(Work order)
Although the records contain pictures, none belong in the copy: restate word for word only the lines from the one with "Yellow Gold Channel" through the one with "After placing this", both included.

-*-

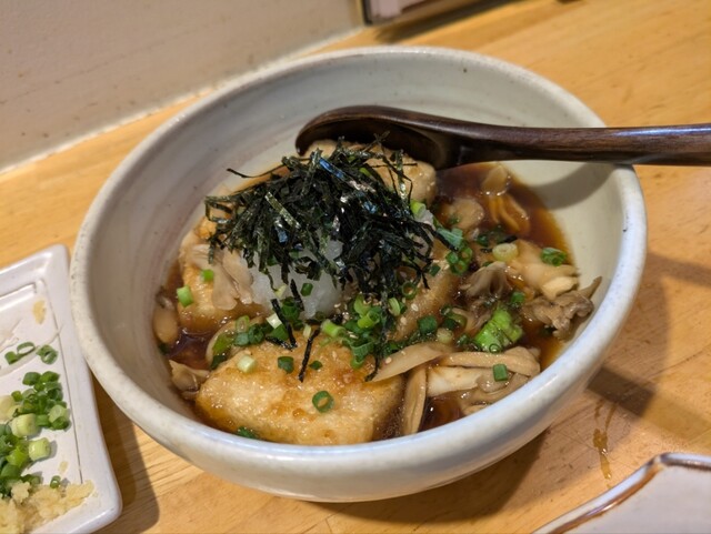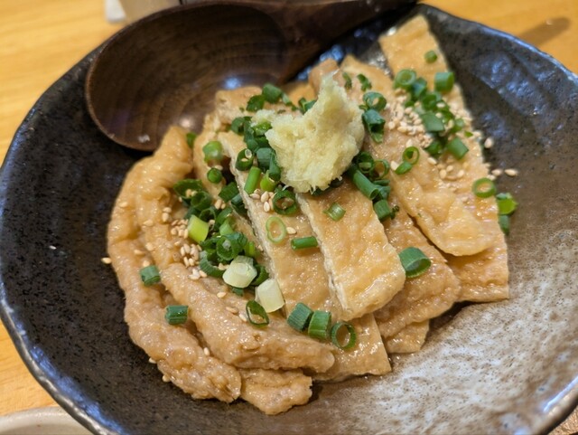 前回鶏天のツマミ頼んだらけっこう量が多かったので締めのうどんでトッピングにしました
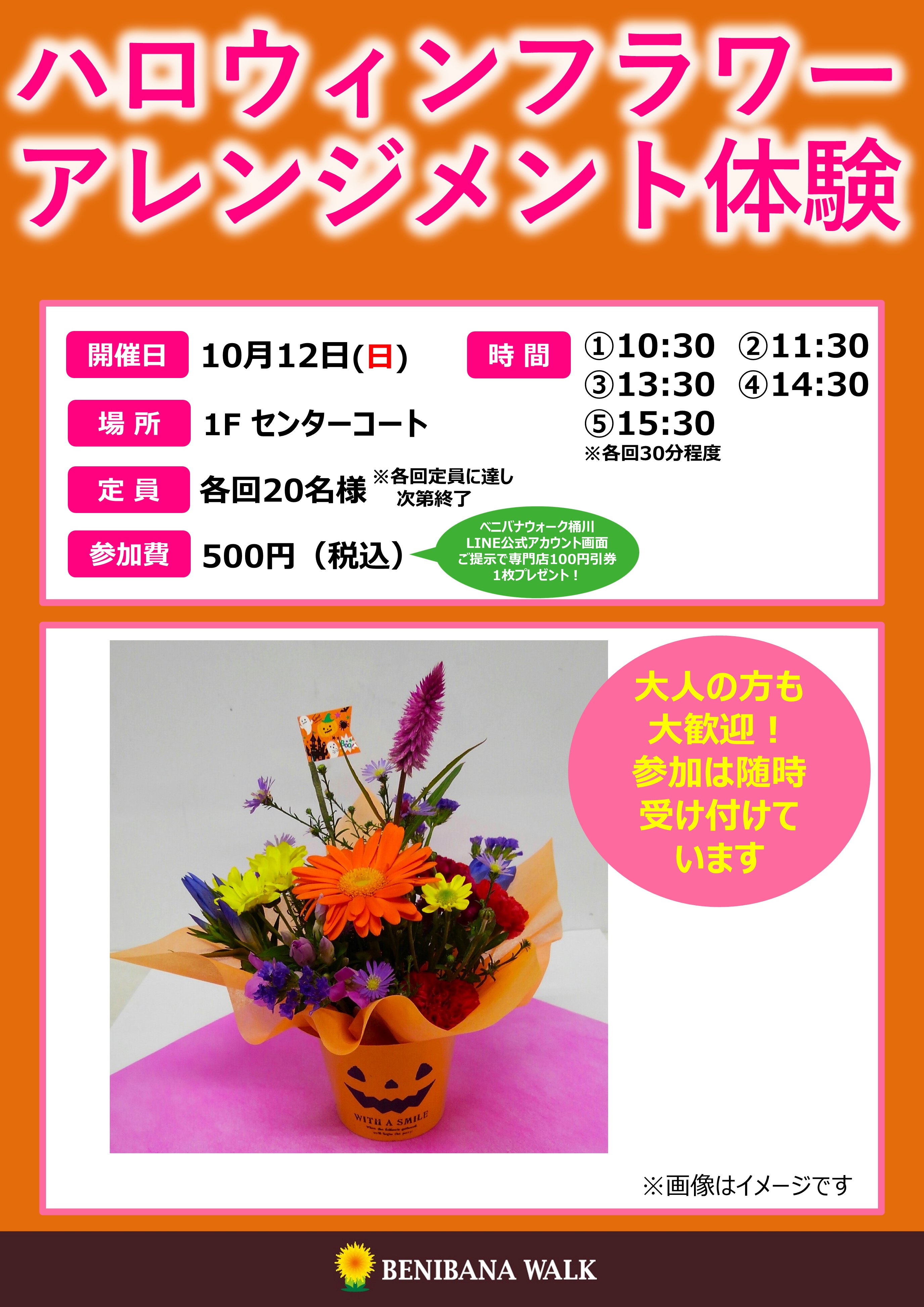 ベニバナウォークでは、「ハロウィンフラワーアレンジメント体験」を開催します!
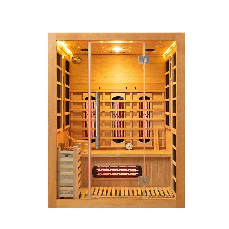 1-3 நபர் மர அகச்சிவப்பு மற்றும் நீராவி சானா அறை உங்கள் ஆரோக்கிய பயணத்தை மேம்படுத்த மேம்பட்ட அம்சங்களுடன் நிரம்பியுள்ளது: அகச்சிவப்பு ஹீட்டர்கள் மற்றும் தூர - அகச்சிவப்பு கிராபெனின் வெப்ப தகடுகள் (ஆழமான, நிதானமான வியர்வைக்கு சமமான, திறமையான வெப்பத்தை வழங்குகின்றன); ஆக்ஸிஜன் அயனிசர் (சானாவின் உள்ளே காற்றை சுத்தப்படுத்துகிறது, புதிய மற்றும் உற்சாகமான சூழ்நிலையை உருவாக்குகிறது); லைட் & ஸ்பீக்கரைப் படித்தல் (உங்கள் சானா அமர்வை அனுபவிக்கும் போது இசையைப் படிக்க அல்லது கேட்க உங்களை அனுமதிக்கிறது); கண்ட்ரோல் பேனல் (தனிப்படுத்தப்பட்ட அனுபவத்திற்காக வெப்பநிலை, நேரம் மற்றும் பிற அமைப்புகளை எளிதாக சரிசெய்வதை செயல்படுத்துகிறது); சௌனா ஸ்டவ் & லைட் வேவ் டியூப் (நீராவி மற்றும் அகச்சிவப்பு வெப்பத்தை உருவாக்க ஒன்றாக வேலை செய்யுங்கள், நீராவி மற்றும் தூர அகச்சிவப்பு சானா பிரியர்களுக்கு உணவளிக்கிறது).
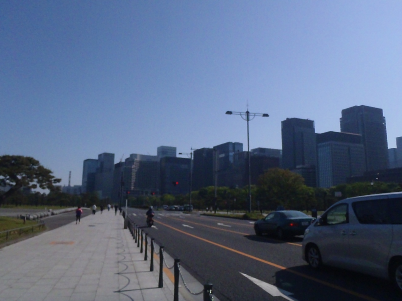 皇居で式典や一般参賀、通り抜けなどがあるときには多くの人で渋滞しますが、通常は都会のオアシス的な景観の通りで、多くのランナーが行きかう通りとしても有名な通りになっています。
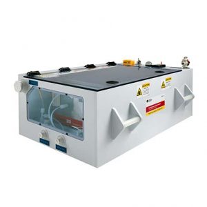The Particle Safety Cabinet houses the chemical particle sensor, detects chemical leaks with an external alarm, and provides secondary containment when a leak occurs. In the event of a chemical leak within the chemical particle counter or sample connections, the system will automatically detect the leak, shut off inlet and outlet sample valves, turn off power to the particle sensor, and provide an external alarm contact.
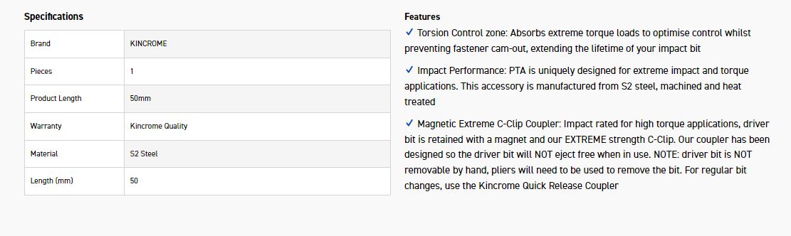 Magnetic Extreme C-Clip Coupler: Impact rated for high torque applications, driver bit is retained with a magnet and our EXTREME strength C-Clip. Our coupler has been designed so the driver bit will NOT eject free when in use. NOTE: driver bit is NOT removable by hand, pliers will need to be used to remove the bit. For regular bit changes, use the Kincrome Quick Release Coupler
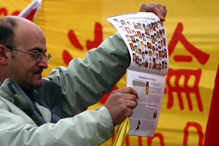 ![]() 向欢迎团队讲真象的白人法轮功学员 |
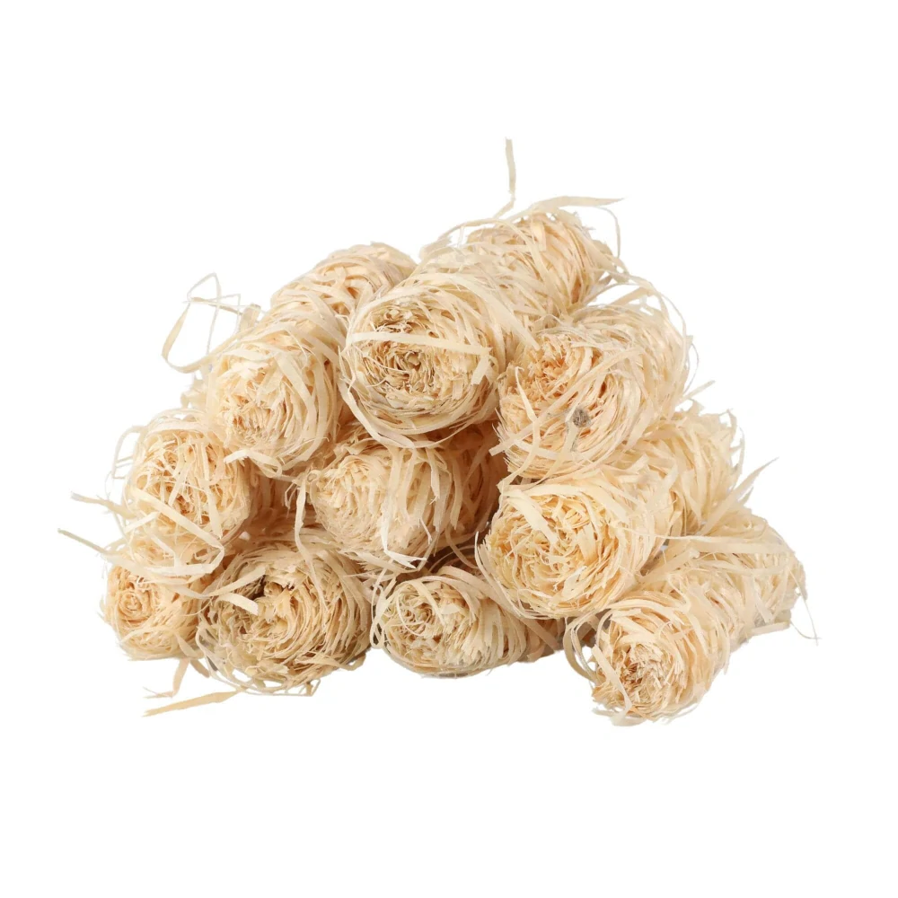 zvitok z drevitej vlny o dĺžke cca 6 - 8 cm, v priemere 2 - 3 cm
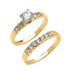 Yellow Gold Channel Set Round CZ Engagement Wedding Ring Set
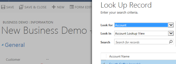 After placing this lookup field over our entity form, we can set an account or a contact in this field, as shown below:
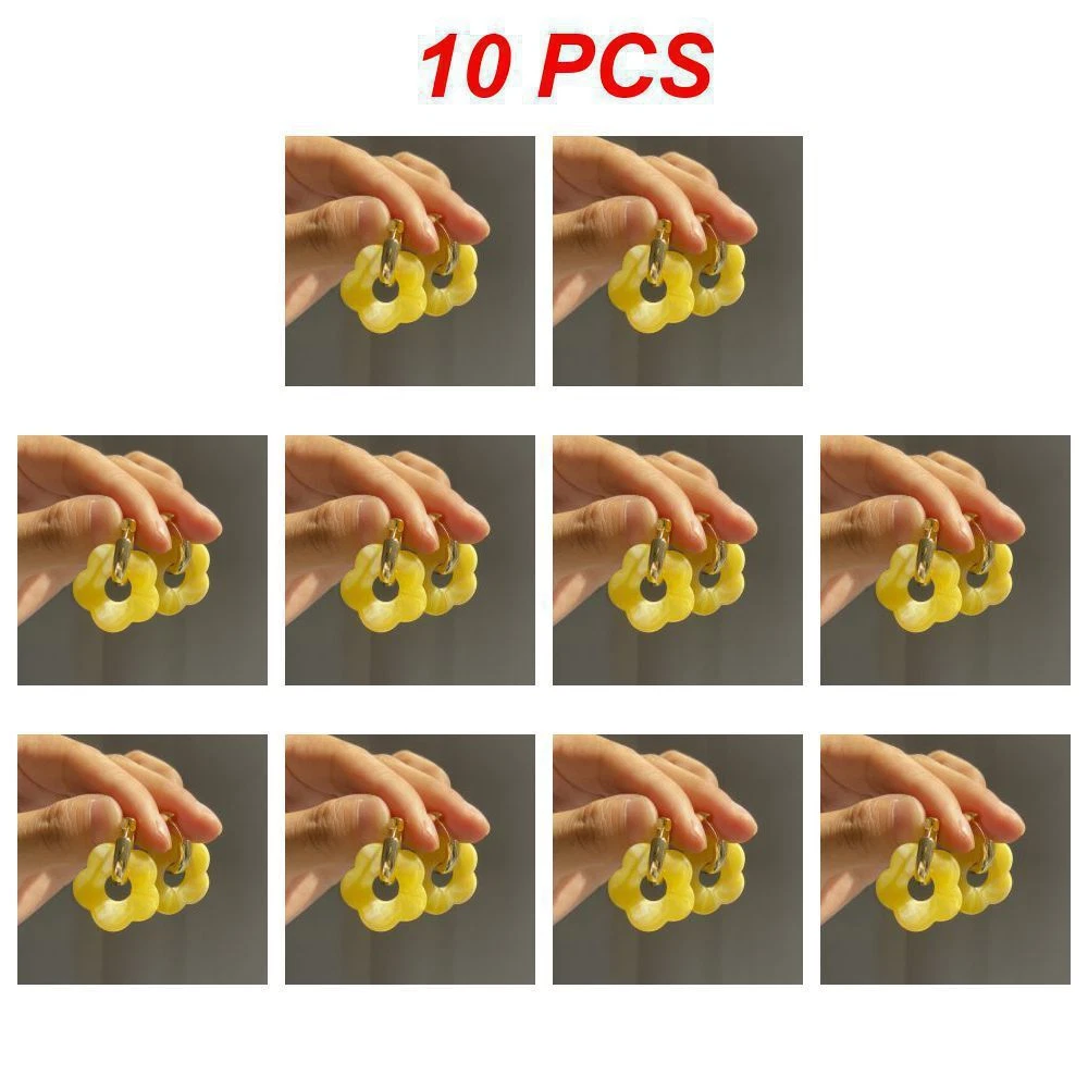 1~10PCS Multicolor Transparent Acrylic Resin Marbling Flower Drop Earrings for Women Gold Color Metal Round Hoop Earings Fashion Description: Product Name: Cute Flower Earrings Material: Copper Color: Various Colors Shape: Floral Specifications: 1. High-quality Material: Selected High-quality Copper Material, Comfortable To Hold, Light And Burden-free To Wear 2. Quality Details: Using Fine Production Technology, Color Is Bright And Durable. 3. Stylish Appearance: Simple And Fashionable Appearance Design, Unique And Beautiful 4. Options: Rich Styles And Colors, A Variety Of Popular Styles Can Be Chosen At Will 5. Versatile Accessories: It Can Be Worn Daily Or Paired With Dresses, Suits, Skirts, Etc. It Is Fashionable And Trendy. Package Included: 1 Pair* Earrings
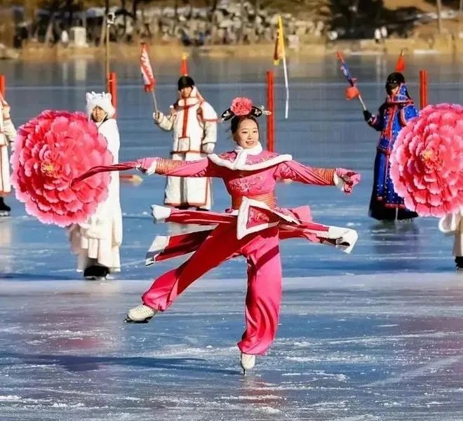 图为往年圆明园冰场的冰嬉饰演。
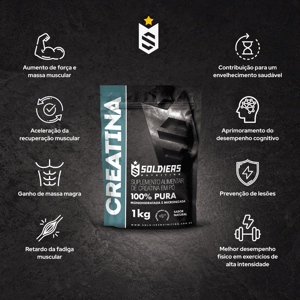 A Creatina Monohidratada 100% Pura Importada Soldiers Nutrition 1kg é um suplemento de alta qualidade, desenvolvido para atletas e praticantes de atividades físicas que buscam mais força, potência e desempenho muscular.
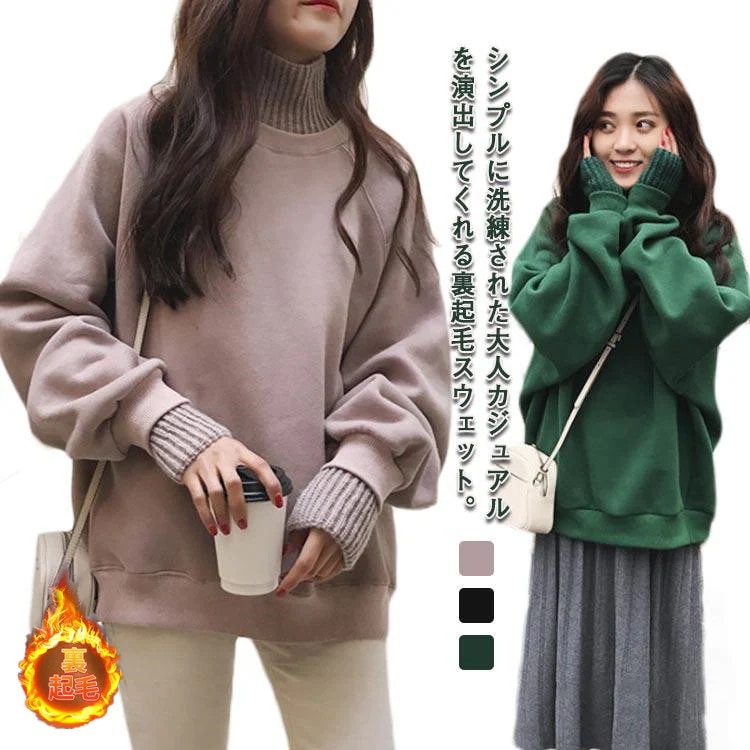 裏起毛 スウェット トレーナー ハイネック ルオーバー リブ 切り替え リブ袖 スタンドカラー 起毛 あったか 防寒 厚手 春 秋 冬 チュ
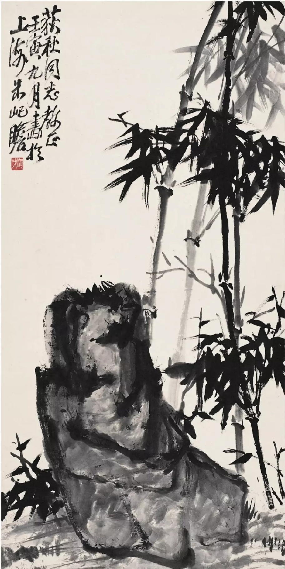 朱屺瞻画竹。朱屺瞻(1892—1996)江苏太仓人,中年曾学油画,后主攻中国画,中国美术家协会顾问。西泠印社社员。朱屺瞻画竹,随意生发,自由挥洒,真正做到了“整而不板,复而不乱”,“由法而化,雅韵自然”,很得笔墨情味。这就是中国风遇见艺术
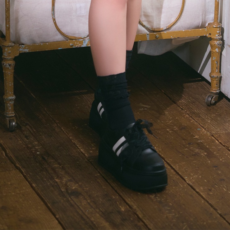 レディース クルーソックス(きゅるりんってしてみて) ブラック 213 ブラック 213
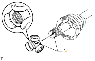 | (d) Align the matchmarks and place the beveled side of the tripod joint axial spline toward the rear drive outboard joint shaft assembly LH. NOTICE: Face the serrated side of the tripod joint outward and install it to the outboard joint end. |
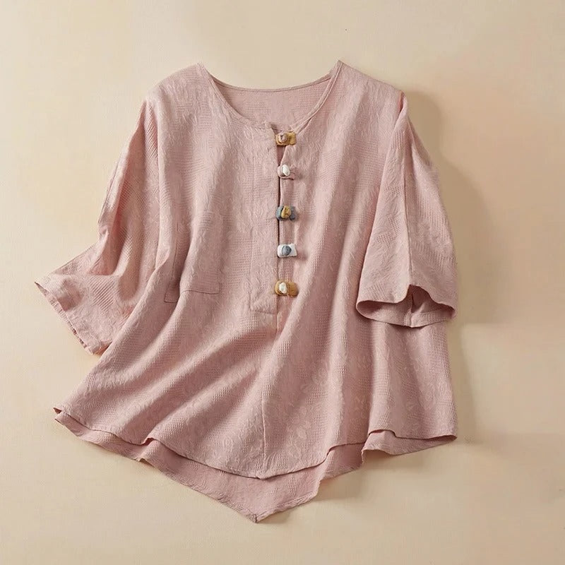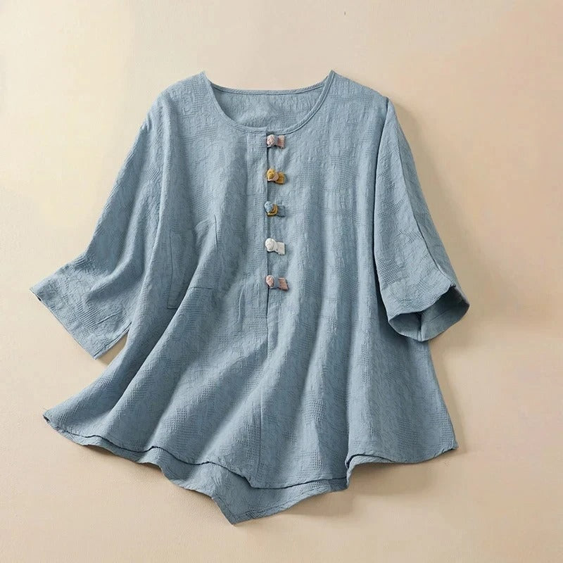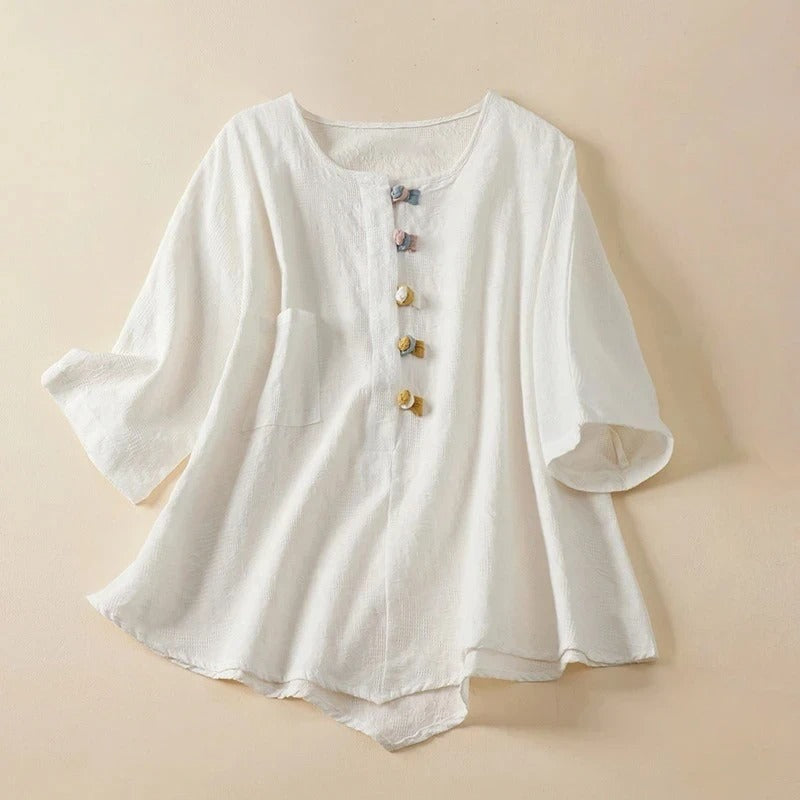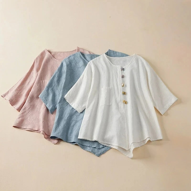 Textural, airy, and elevated—this Gossamer Linen shirt is a study in subtle charm. The playful contrast of handmade knotted buttons gives a crafted finish to its naturally draped silhouette.

-*-

(Solution to the problem)
 Yellow Gold Channel Set Round CZ Engagement Wedding Ring Set
 After placing this lookup field over our entity form, we can set an account or a contact in this field, as shown below:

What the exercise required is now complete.